Summary: VUL-0: CVE-2017-15139: openstack-cinder: Data retained after deletion of a ScaleIO volume
Product: [Novell Products] SUSE Security Incidents Reporter: Alexander Bergmann <abergmann>
Component: IncidentsAssignee: Security Team bot <security-team>
Status: RESOLVED FIXED QA Contact: Security Team bot <security-team>
Severity: Normal    
Priority: P3 - Medium CC: atoptsoglou, cthompson, kberger, nkrinner, rsalevsky, smash_bz
Version: unspecified   
Target Milestone: ---   
Hardware: Other   
OS: Other   
URL: https://smash.suse.de/issue/213121/
Whiteboard: CVSSv2:NVD:CVE-2017-15139:5.0:(AV:N/AC:L/Au:N/C:P/I:N/A:N) CVSSv3:NVD:CVE-2017-15139:7.5:(AV:N/AC:L/PR:N/UI:N/S:U/C:H/I:N/A:N) CVSSv3:RedHat:CVE-2017-15139:4.8:(AV:N/AC:H/PR:L/UI:R/S:U/C:H/I:N/A:N) CVSSv3:SUSE:CVE-2017-15139:5.1:(AV:L/AC:H/PR:N/UI:N/S:U/C:H/I:N/A:N)
Found By: Security Response Team Services Priority:
Business Priority: Blocker: ---
Marketing QA Status: --- IT Deployment: ---

Description Alexander Bergmann 2018-08-21 10:17:24 UTC 
rh#1599899

Summary
Certain storage volume configurations allow newly created volumes to contain previous data. This could lead to leakage of sensitive information between tenants.

Affected Services / Software
Cinder releases up to and including Queens with ScaleIO volumes using thin volumes and zero padding.

External references:

https://wiki.openstack.org/wiki/OSSN/OSSN-0084

Upstream bug:

https://bugs.launchpad.net/ossn/+bug/1699573

References:
https://bugzilla.redhat.com/show_bug.cgi?id=1599899
http://web.nvd.nist.gov/view/vuln/detail?vulnId=CVE-2017-15139
http://cve.mitre.org/cgi-bin/cvename.cgi?name=CVE-2017-15139
Comment 2 Keith Berger 2018-09-05 14:07:05 UTC 
upstream bug not merged yet

https://review.openstack.org/#/c/596879/

once this is done it can hopefully be backported down
Comment 3 Keith Berger 2018-09-12 16:42:05 UTC 
merged in master, waiting on pike.
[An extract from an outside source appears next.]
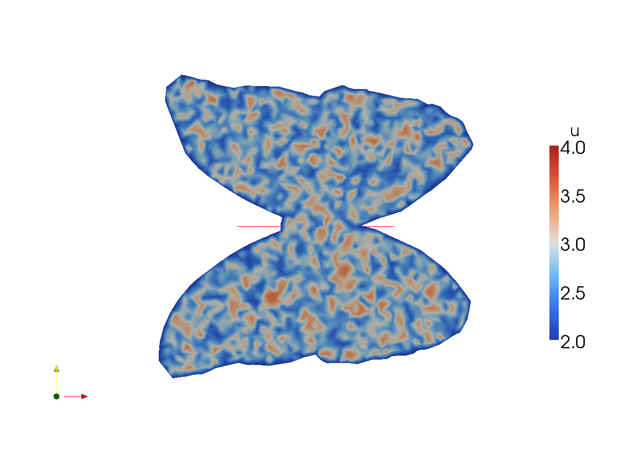 on a 2d butterfly-shaped domain. We impose non-zero Dirichlet boundary conditions and an initial condition that is a random perturbation of the spatially uniform steady state of the system.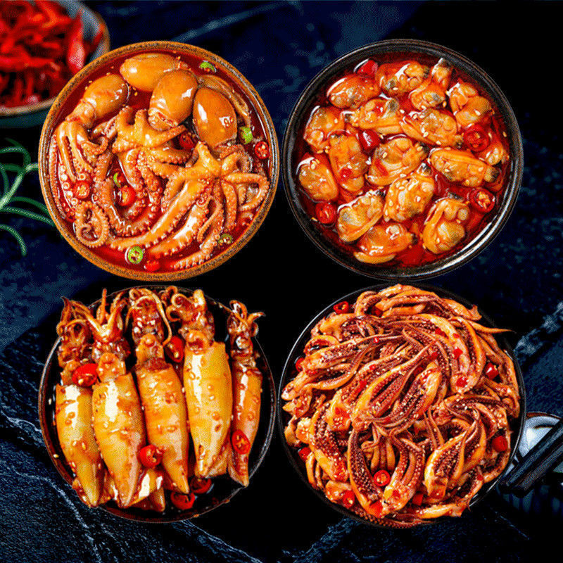 Острые закуски из осьминога морепродукты готовые к употреблению кальмары абалоня гребешки креветочные хвосты консервированные популярный товар

Then i need to see if they will accept ocata and newton.
Comment 4 Rick Salevsky 2018-10-11 13:13:07 UTC 
@Keith: Any progress on this?
Comment 5 Keith Berger 2018-10-11 13:39:52 UTC 
Rick,

Pike and Newton are done. Do we need Mitaka as well? That is where I am blocked currently.
Comment 6 Rick Salevsky 2018-10-11 15:59:35 UTC 
@Keith: We don't have a Mitaka based product so from my perspective this is not required.
Comment 7 Keith Berger 2018-10-11 21:21:23 UTC 
Rick,

What about HOS4? Is that something we need to address
Comment 8 Rick Salevsky 2018-11-19 10:17:37 UTC 
@Keith: Can you add the patch to https://build.opensuse.org/package/show/Cloud:OpenStack:Newton:Staging/openstack-cinder ? 

The decision for HOS4 is up to Carter.
Comment 9 Carter Thompson 2018-11-19 16:05:31 UTC 
We can pick this up in HOS 4.0.9 when/if there is another update.
Comment 10 Keith Berger 2018-11-19 16:07:39 UTC 
merging to Mitaka was shot down upstream so we wont be able to add it.
Comment 11 Keith Berger 2018-11-19 16:10:46 UTC 
Rick can we do a GTM and you please show me how to do what you are asking for in comment https://bugzilla.suse.com/show_bug.cgi?id=1105476#c8 ?
Comment 12 Keith Berger 2018-12-03 20:54:39 UTC 
https://build.opensuse.org/request/show/653601
Comment 13 Keith Berger 2018-12-05 16:00:28 UTC 
patch added for Newton/SOC7. please close when ready
Comment 16 Swamp Workflow Management 2019-03-22 19:21:13 UTC 
SUSE-SU-2019:0716-1: An update that solves one vulnerability and has four fixes is now available.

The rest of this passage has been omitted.